## MATERIAL PROVIDED
>>

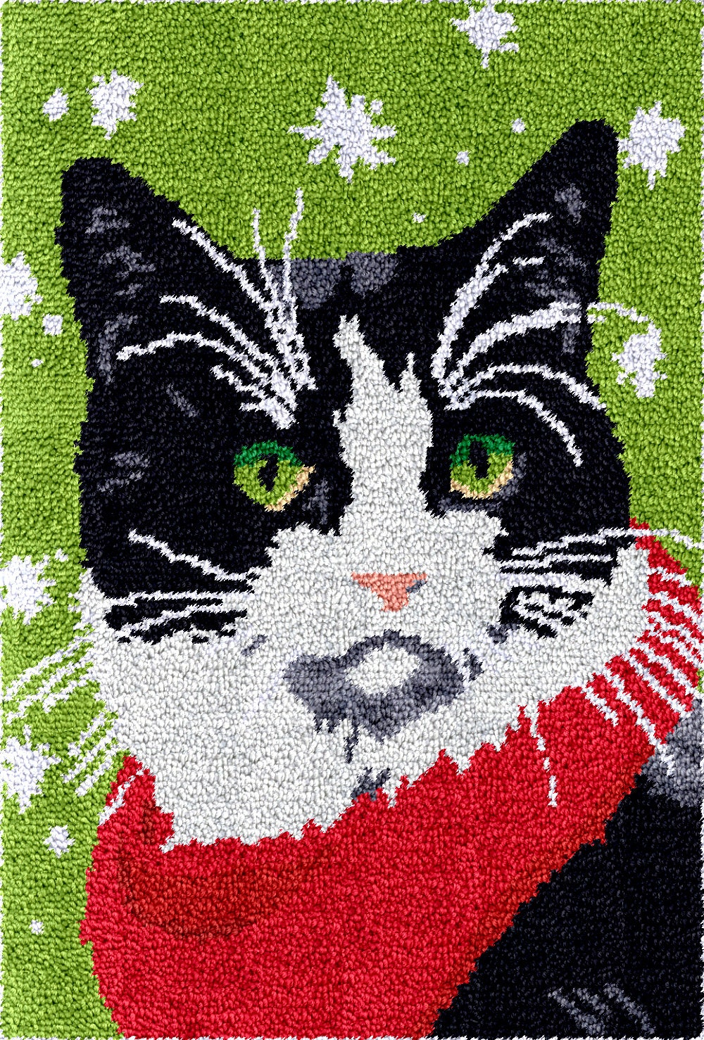 This Cat with Red Scarf Rug Making Latch Hooking Kit will give you a rug that is wonderfully lush. This rug is easy to fit any decor and the possibilities are astounding. You can use this rug on the floor, wall, sofa, bed or window.
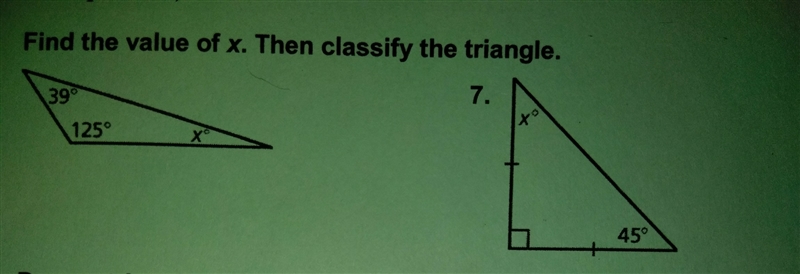 For question 7, the triangle has a box that indicates one of its known angles is 90 degrees. So our equation is 90 + 45 + x = 180. Let's solve and then classify:
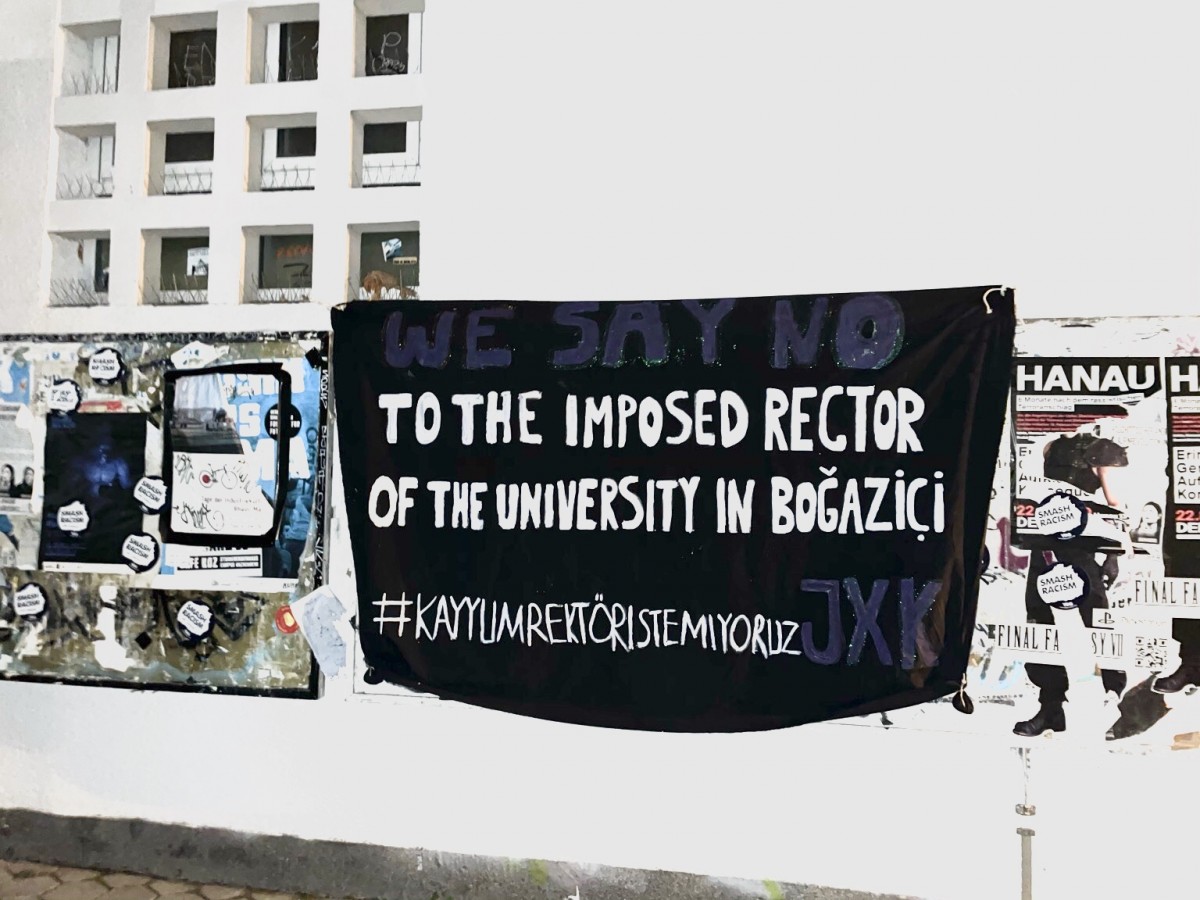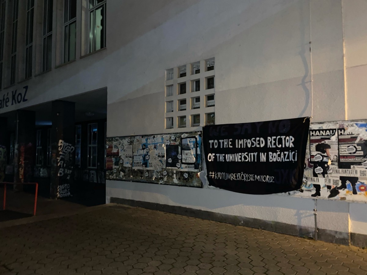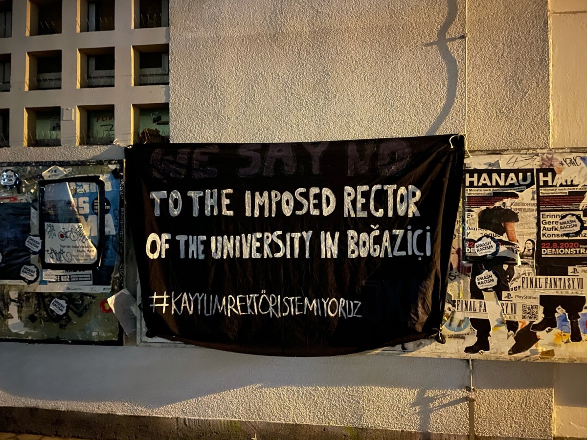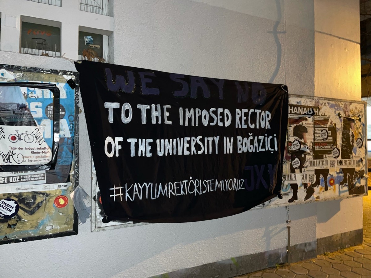Boğaziçi Üniversitesine atanan kayyum rektör Melih Bulu’yu protesto eden JXK aktivistleri İngilizce “Hayır diyoruz, Boğaziçi Üniversitesi’ndeki kayyum rektöre” yazılı pankartı Frankfurt Üniversitesine astılar.
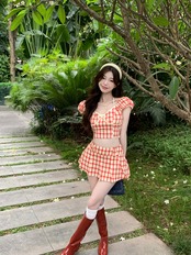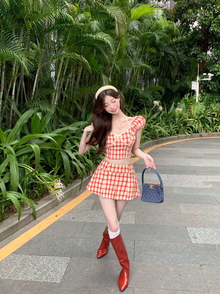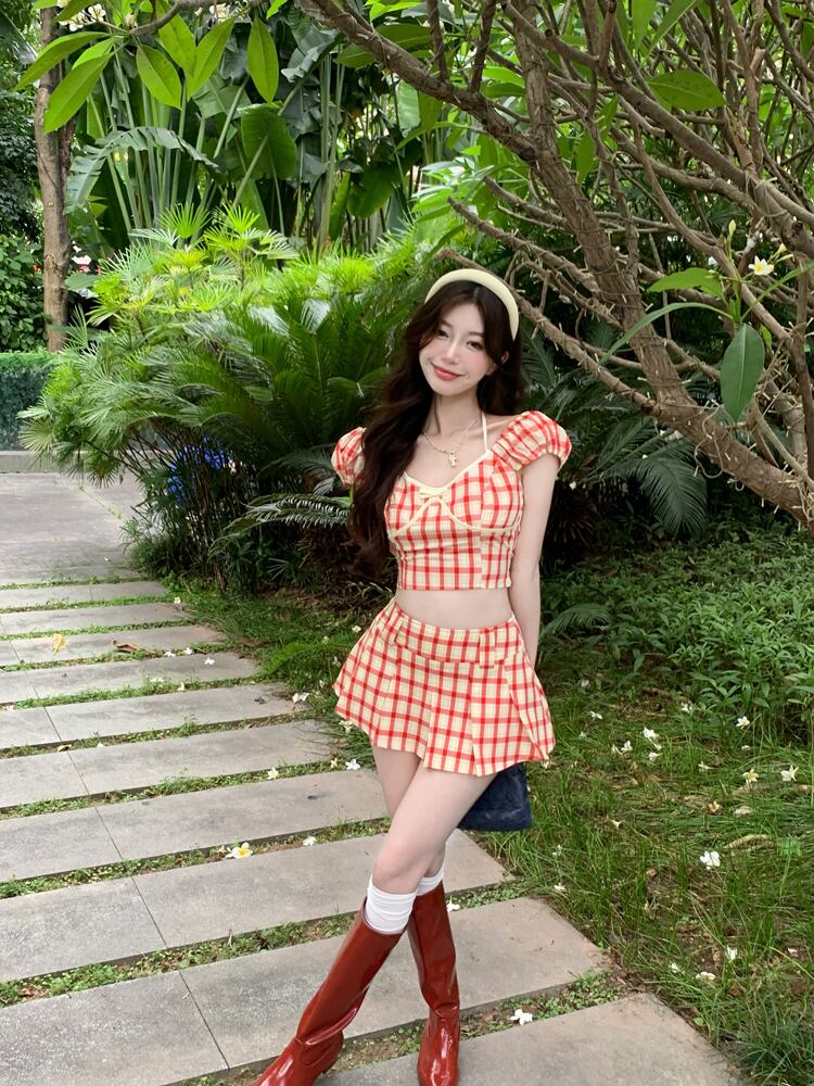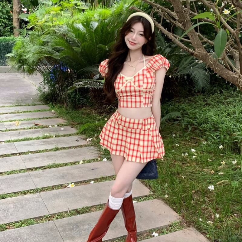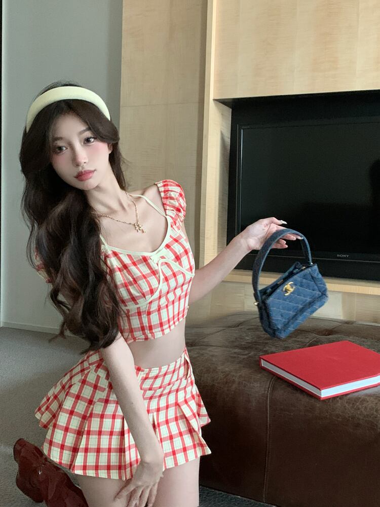 甘いホット女子夏セクシースーツ格子縞半袖シャツウエストショーツスカート 2 点セット服 大人ガーリー スウィート キュート カジュアル サマー 夏物 ブルマー

<<

## WORK REQUIRED
Text only, please: give the listing again word for word with no images.

## OUTPUT OF THE EXERCISE
 This Cat with Red Scarf Rug Making Latch Hooking Kit will give you a rug that is wonderfully lush. This rug is easy to fit any decor and the possibilities are astounding. You can use this rug on the floor, wall, sofa, bed or window.
 For question 7, the triangle has a box that indicates one of its known angles is 90 degrees. So our equation is 90 + 45 + x = 180. Let's solve and then classify:
Boğaziçi Üniversitesine atanan kayyum rektör Melih Bulu’yu protesto eden JXK aktivistleri İngilizce “Hayır diyoruz, Boğaziçi Üniversitesi’ndeki kayyum rektöre” yazılı pankartı Frankfurt Üniversitesine astılar.
 甘いホット女子夏セクシースーツ格子縞半袖シャツウエストショーツスカート 2 点セット服 大人ガーリー スウィート キュート カジュアル サマー 夏物 ブルマー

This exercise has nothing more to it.